Tesla Lost More Than $1,700 For Every Car Delivered In 2020
If it wasn’t for regulatory credits, Tesla would have posted a huge loss in 2020by Robert Moore, on LISTEN 03:37
Automakers are in business to make money. This statement holds true for everyone from Mercedes-AMG to Ford, Chevy, and even Tesla. However, everything isn’t always peachy in the automotive economy, and today we’re here to talk about how Tesla is a prime example of that. To make a long story short, Tesla would have posted a major loss – to the tune of more than $800 million – if it wasn’t for a massive amount of regulatory credits. 2020 might have worked out for Tesla on paper, but its current business model won’t keep it from going under in the long run. How do I know? Well, Telsa actually lost $1,759 for every car it delivered in 2020.
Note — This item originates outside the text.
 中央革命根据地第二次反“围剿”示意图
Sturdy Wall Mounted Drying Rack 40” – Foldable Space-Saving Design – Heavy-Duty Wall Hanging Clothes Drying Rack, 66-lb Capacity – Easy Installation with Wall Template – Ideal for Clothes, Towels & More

Tesla Posted a Profit in 2020 But Lost Money?
If you don’t look very deep, it would look like Tesla did pretty good in 2020. It delivered a total of 499,500 cars and posted a net income of $721 million. That’s pretty good for Tesla, right? Well, it would be, except that Tesla also received $1.6 billion in regulatory credits, and that’s how it managed to post a profit. Without the $1.6 billion in regulatory credits, Tesla would have posted a loss to the tun of $879 million. The biggest bit here is that Tesla can’t sustain itself like this very long. As established by Gordon Johnson of GLJ Research to CNN Business,
“These guys are losing money selling cars. They are making money selling credits, and the credits are going away.”
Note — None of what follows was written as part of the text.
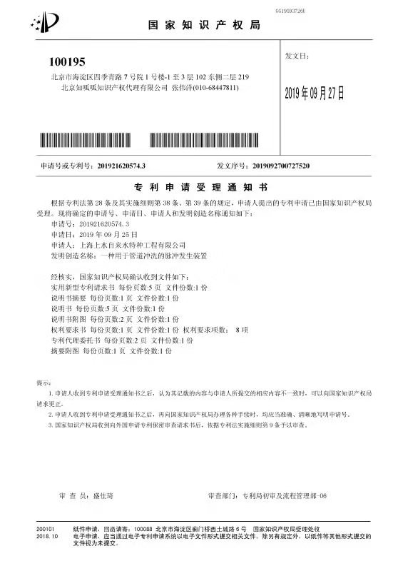 专利受理 关于“气水脉冲管道冲洗技术”,上海泰斯特管线探测工程技术有限公司5项专利申请已在2019年9月份被国家知识产权局受理。

The math is very simple. Take Tesla’s net income of $721 million and subtract the $1.6 billion in regulatory credits. You’re left with a deficit of $879 million. Divide that by the number of cars tesla sold, and you come up to a total loss of $1,759 per car. Of course, certain cars will lose more than others, but this is an average across the board for the Model S, Model X, Model 3, and Model Y. The Cybertruck, Roadster, or Semi don’t’ count as there were zero deliveries made.
On that note, Tesla is apparently aware of the problem. While it doesn’t look good in the long run, Tesla’s CFO, Zachary Kirkhorn, admits that this business model may continue for a “handful of additional quarters” or it may not. Either way, it’s supposedly not a part of Tesla’s long-term business plan:
“This is always an area that's extremely difficult for us to forecast. In the long term, regulatory credit sales will not be a material part of the business, and we don't plan the business around that. It's possible that for a handful of additional quarters, it remains strong. It's also possible that it's not.”
So this raises one very big question – if Tesla isn’t going to depend on the regulatory credits for much longer, how can the current business model keep the company afloat? For those uneducated in the inner workings or automotive finance like myself, it doesn’t look like it can. I’m sure there’s some magic to be made behind the scenes, but somehow Tesla will have to not only make up that $1,759 loss per car but also flip that number to actually make a profit. Otherwise, Tesla isn’t going to be around very long.